Euratom ist ein merkwürdiges Gebilde. Seit 1957 hat sich an dem Euratom-Vertrag praktisch nichts geändert. Vorrangiges Ziel ist immer noch die „Entwicklung einer mächtigen Kernindustrie“. Das erscheint heutzutage anachronistisch, denn von der damaligen Euphorie über die Atomkraft, die sogar in der Küche eingesetzt werden sollte, ist nichts mehr übrig. Dennoch befürchten Atomkraftgegner, dass mit dem britischen Ausstieg aus Euratom die Sicherheitsstandards unterlaufen werden könnten.
Das Ministerium für Unternehmen, Energie und industrielle Strategie in London behauptet dagegen, dass „sämtliche internationalen Vereinbarungen vor dem Rückzug aus Euroatom unter Dach und Fach“ sein werden. „Diese neuen Vereinbarungen garantieren die ununterbrochene Kooperation und den Handel im nuklearen Sektor nach unserem Ausscheiden aus Euratom“, heißt es in einer Erklärung.
Das Parlament hat ein Gesetz verabschiedet, wonach das bereits bestehende Office for Nuclear Regulation die Sicherheitskontrollen übernehmen soll, für die bisher Euratom zuständig ist. Außerdem hat man mit der International Atomic Energy Agency im Juni einen ersten Vertrag über Zusammenarbeit unterzeichnet, aber das ist erst der Anfang. Bis zum Brexit müssen noch zahlreiche Punkte geklärt werden.
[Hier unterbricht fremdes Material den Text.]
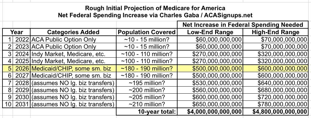 Using this as a rough baseline for 2026 specfically (and throwing on another $30 billion or so just for the hell of it), I've also gone ahead and retrofitted Years 3-4 and years 6-10 to give a very rough projection about what the 10-year CBO score might look like from 2022 - 2031. Note that I'm assuming that there isn't any significant transfer of employees working for large companies...the assumption here is that the only additional enrollment growth after Year 6 would come from normal population growth (newborn children, people turning 65, etc).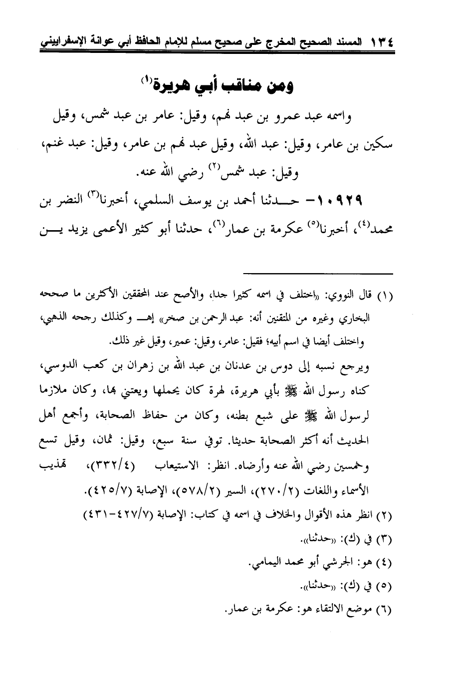 (¬1) قال النووي: "اختلف في اسمه كثيرًا جدًّا، والأصح عند المحققين الأكثرين ما صححه البخاري وغيره من المتقنين أنه: عبد الرحمن بن صخر" اهـ وكذلك رجحه الذهبي، واختلف أيضًا في اسم أبيه؛ فقيل: عامر، وقيل: عمير، وقيل غير ذلك.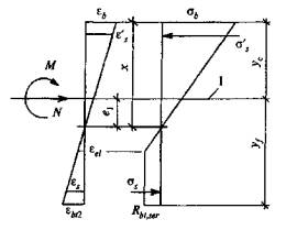- расстояния от точки приложения продольной силы Nao равнодействующей усилий в арматуре соответственно S и S'; |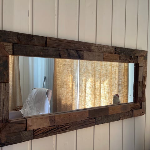 Rammen er laget av heltre tresville. Tresville er den rektangulære støtten til skinnene på jernbanespor. Det grove utseendet på treverket og håndverket øker salongbordets spektakulære retrostil. Hvert trinn i prosessen utføres med den største omhu, enten det er polering, maling eller lakkering. De vakre trekornene gjør hvert speil unikt og litt forskjellig fra det neste.
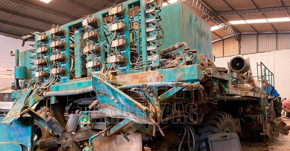 Rescatan de la chatarra máquina asfaltadora en Ecatepec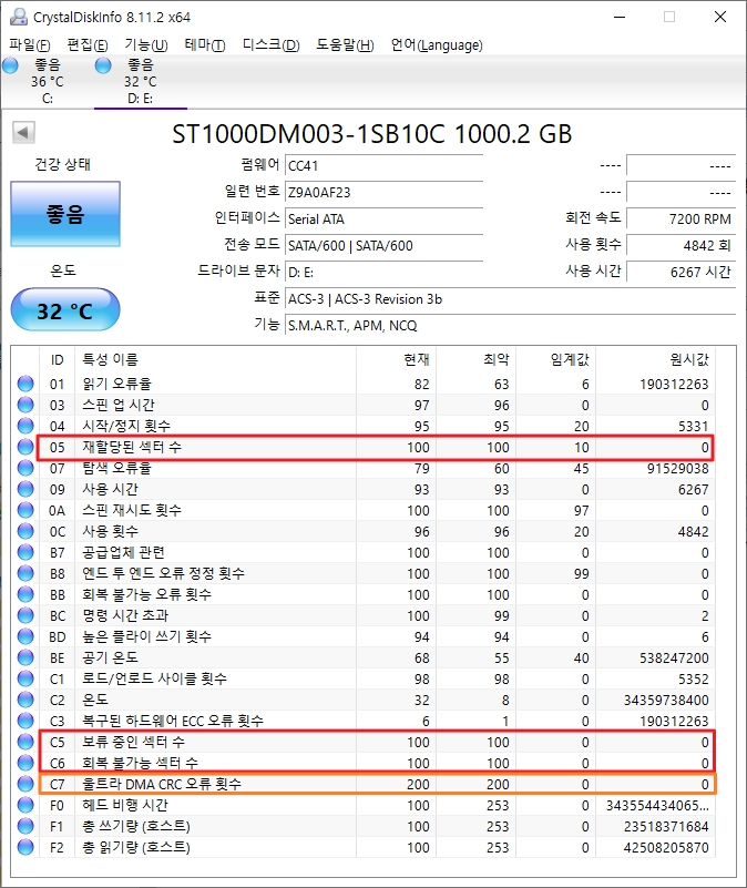 HDD 수명의 경우 기본적으로 건강상태를 보면 간단하게 확인할 수 있지만 05 재할당된 섹터 수, C5 보류 중인 섹터 수, C6 회복 불가능 섹터 수가 베드 섹터와 관련된 항목인데 원시 값이 0이 아닌 점점 숫자가 올라간다면 HDD를 교체할 준비를 해야 합니다.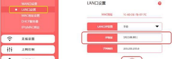 1) Open your router configuration, set the router's LAN port to 192.168.80.1, the general router defaults to 192.168.1.1 or 192.168.0.1. So if it is 192.168.80.1, there is no need to modify it. After the modification, restart the router and connect the wing bits with the network cable.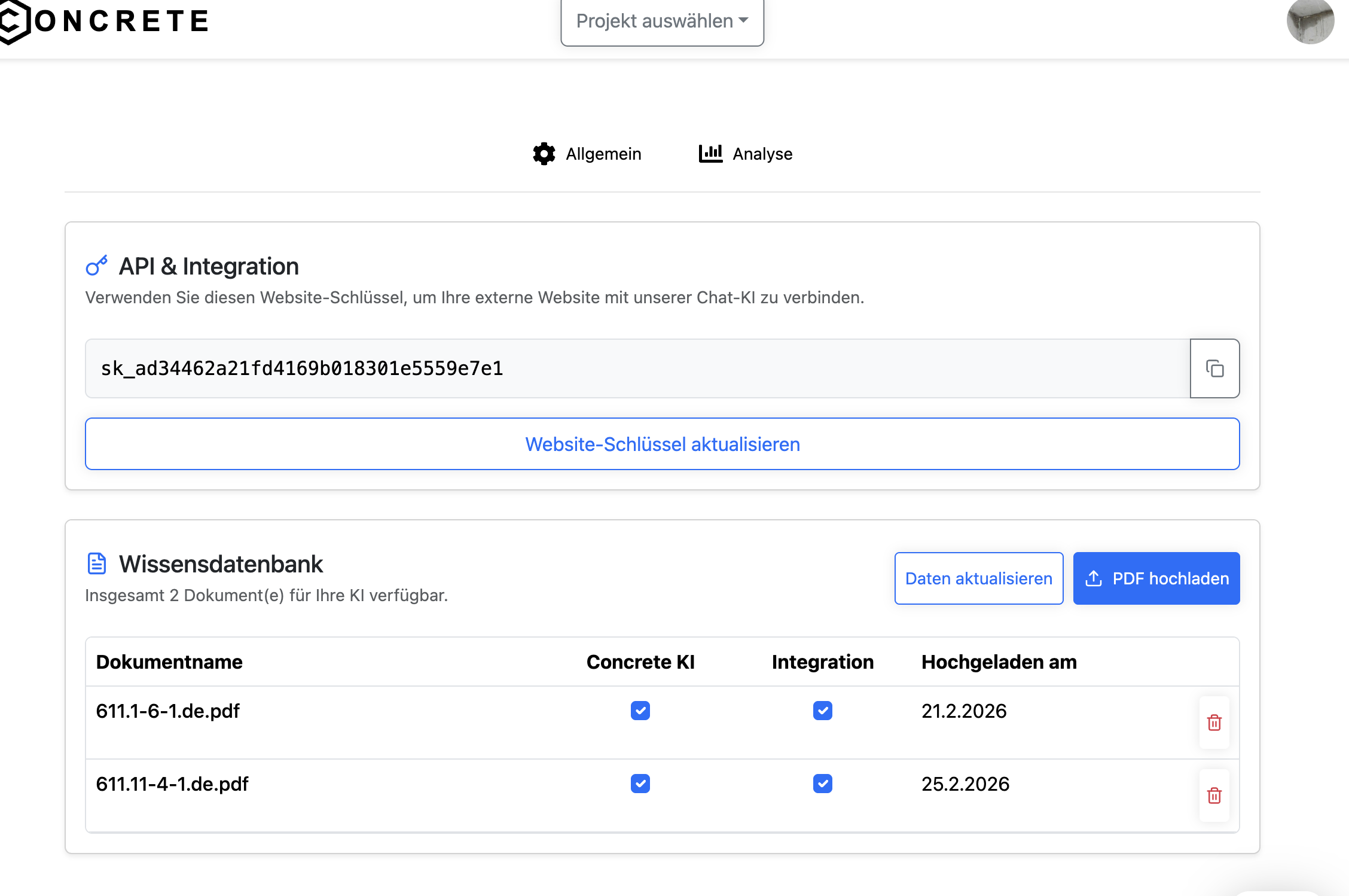 Access Project Space & AI Chatbot via Concrete

Zahlreiche Unfällen in Sellafield
In Irland beobachtet man den britischen Austritt aus Euratom besonders argwöhnisch, liegt Sellafield doch praktisch vor der Haustür. Bei den zahlreichen Unfällen in der Atomanlage wurde die irische Ostküste stets in Mitleidenschaft gezogen, aber die Klage vor den Vereinten Nationen blieb erfolglos. Darüber hinaus urteilte der Europäische Gerichtshof 2006, dass Irlands Vorgehen illegal gewesen sei, weil die UN-Klage die Autonomie des EU-Rechtssystems untergraben habe. Nach dem Brexit kann Irland aber auch vor dem Europäischen Gerichtshof nicht mehr gegen Sellafield vorgehen.
Unterdessen bucht die britische Regierung in Vorbereitung auf einen ungeregelten Brexit vorsorglich Fähren für umgerechnet mehr als 120 Millionen Euro. Damit soll die Versorgung des Landes gesichert werden, wenn wegen neu eingeführter Grenzkontrollen der Verkehr zwischen der Insel und der EU ins Stocken gerät.
Die zusätzlich gemieteten Schiffe sollten Häfen in Südengland wie Portsmouth, Poole oder Plymouth anlaufen, teilte das Verkehrsministerium am Wochenende mit. Es handle sich um eine Notfallmaßnahme. „Auch wenn wir weiterhin daran arbeiten, dass es zu einem Austrittsabkommen kommt, bereiten wir uns auf alle Szenarien vor.“
Derzeit verkehren täglich rund 16.000 Lkws zwischen dem französischen Calais und Dover in Südengland. Sie transportieren etwa Lebensmittel, Medikamente oder Industriegüter. Sollten nach dem EU-Austritt in drei Monaten Grenzkontrollen eingeführt werden, wird mit langen Staus auf beiden Seiten des Ärmelkanals gerechnet.